The point of the pic is an alternitive clock, the data sheet stats "that if more than L297 is connected then the clocks should be connected to syncronise the circuit", just to the right of the pic is a change over jumper one side grounds pin OSC on the L297 the other wires in the RC oscilliator components 22k and 3n3F. the pin of the pic which is wired to the (top) of v ref pot is a pullup and will have no effect in modulating Vref or anything else
Not sure if you are looking at the same diagram we are, but the PIC very definitely does connect to Vref - the 3.9k resistor and 1k pot are a potential divider to make the max value of Vref = 1v (blue wiring). The PIC clearly has the ability to ground the top of the pot which will drop Vref to about 20% approx (assuming the PIC output is 0.2v) of its set value.
The OSC circuit (red wiring) does indeed have a jumper on it, but thats to enable an external oscillator input for the reasons you suggest, and has no relationship to the PIC or Vref circuit.
Hi Roger, I think I know what you are refering to as I have seen cuircuits that use a Pic for the clock frequency, but this circuit definetly uses the Pic to change the Vref.
Ok so no luck finding the code for the pic, plently of references to its theoretical use but no specifics. There are plenty using the 555 timer circuits tho.
The closest I can find is the Rotary table drive that kwackers posted. apparently it was designed to drive an L297 setup and provide a holding current using PWM on the Vref pin. The only problem is I cant open the hex and wouldnt know what to look for any way. Maybe I will have to ask him direct for help :whistling:.
Ive also found conformation that this circuit was never built or tested so Im inclined to leave out the Short-circuit protection for the motor wires to keep it simple. may be I could look at it later and just use a known design to get the mill working?
Progress so far is three options.
1. Basic . as per data sheet but with half step boost and ne555 controling the idle current reduction
2.Ideal. as basic but with PIC controlling the idle current reduction and shunt reg to stop over voltage (not sure if I need to include the mosfet from the original as well?)
3. Complete. as above but with output short-circuit protection. (not sure about that now as it is quite different fron the data sheet! posted earlier)
Any thoughts, omissions or additions?
There is an error with the Vref circuitry with the 555... Vref should be connected to the slider of the pot...
Cheers thats the advantage of a fresh pair of eyes I thought I'd fixed most of the errors.
Any thoughts on using the short circuit protection and if i need the mosfet in the shunt regulator?
I've only had a quick look at this thread and the circuit, but imo the pic is simply controlling VRef.
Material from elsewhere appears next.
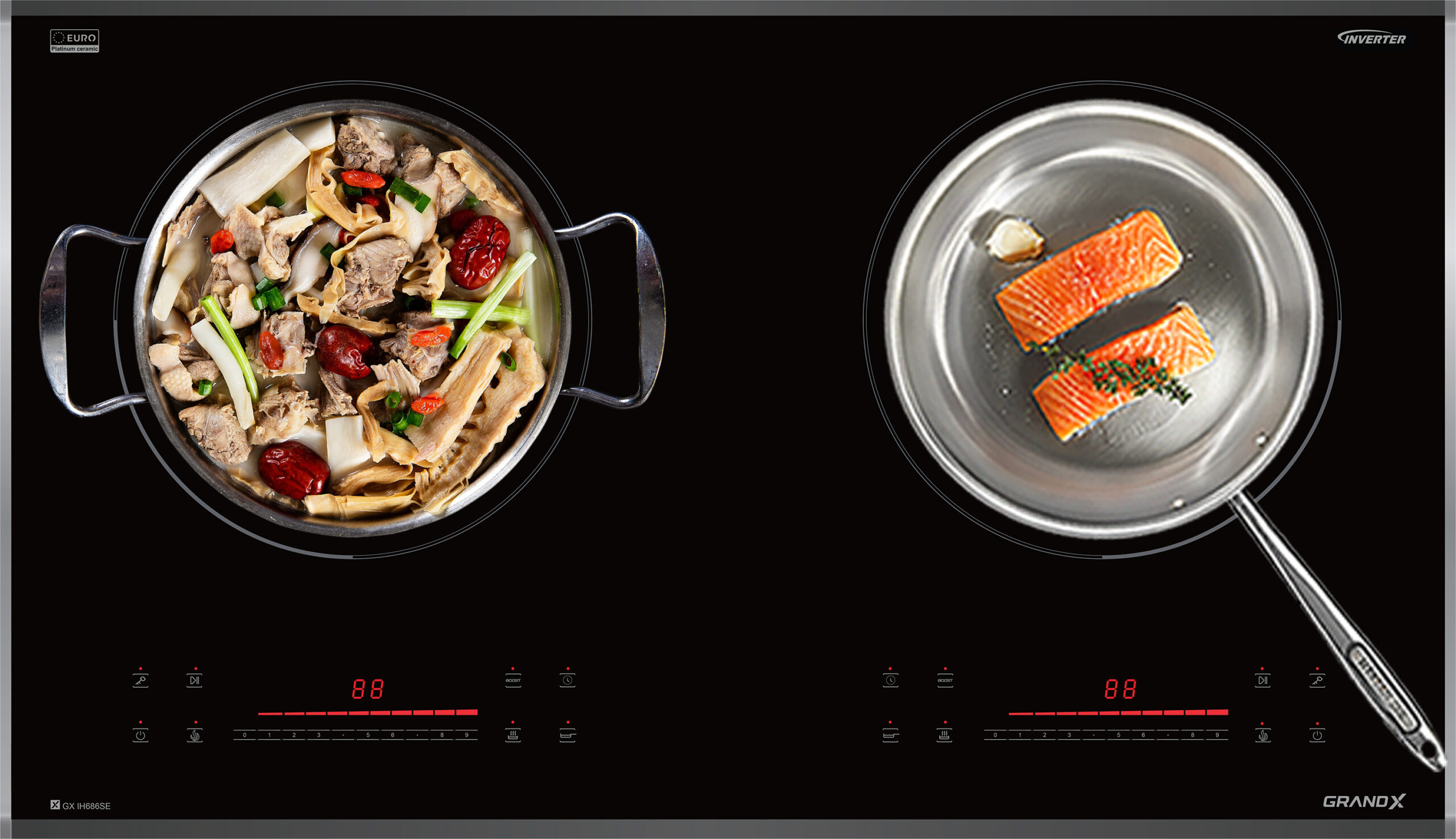 Bếp từ GrandX GX IH686SE được trang bị 2 vùng nấu cảm ứng từ với công suất mạnh mẽ:

It's possible it is modulating it to provide variable VRef - but I think this unlikely since there's not a lot of point with the voltage divider if that's the case.
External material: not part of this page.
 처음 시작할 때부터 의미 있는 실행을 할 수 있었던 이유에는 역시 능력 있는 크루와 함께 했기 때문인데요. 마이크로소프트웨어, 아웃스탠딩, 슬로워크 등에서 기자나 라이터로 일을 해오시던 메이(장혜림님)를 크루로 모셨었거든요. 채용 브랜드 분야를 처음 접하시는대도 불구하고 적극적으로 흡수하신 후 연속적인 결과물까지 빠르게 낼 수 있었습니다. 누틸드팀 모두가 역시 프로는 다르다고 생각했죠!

What I've done in the past to control a 297 is run the output of the PWM through a two stage RC filter to set the current, but doing this means there is no need for anything else around the VRef pin.
I think if I were working on that circuit I'd consider replacing the 297 with the PIC (albeit a slightly fatter pic). I'd use one of the comparators along with the PWM brought out as above (other side fed via the the current sensing resistor as per normal). Think I'd probably do most of the work in the interrupt probably using change on port ints to detect comparator and clock change. Should be possible to include microstepping etc - along with the current control stuff.
Failing that, why try and match exactly the circuit? Do as others above have suggested and simply use a 555 as a charge pump to keep the motor in high power mode.
All you really have is two supplies to your VRef pin - one permanently at 5v the other switching 0 to 5v. Run them both through a resistor (possibly the 555 output through a diode to make it easier to figure) and to the potential divider. If the resistor values are matched then roughly speaking when both are on the current will be double that when only one is on. Obviously you can chose resister values that give you the ratio's you're after.
Hope that makes sense.
 I see above there's a circuit using the 555 ;-)
AAhhgg, more options. Thanks for your input tho. I like the idea of replacing the L297 with a pic as this is apparently the main cause of the buzzing. but way beyond my capabilities at the mo.
Ive been looking at the follow up thread to the A3986 debate (big can of worms) and it seems that PWM is better than the chopper control of the L297. However there was also a comment on a similar theme that suggested that the L6203 isnt the best choice for the h bridge either
Looks like I'm going round in circles.
I believe the pic is lowering vref only when the step signal stops. In normal use the trim pot is setting the Vref.I agree that the 555 option is the easiest but the pic option uses less components so helping with a smaller board and slightly reduced costs.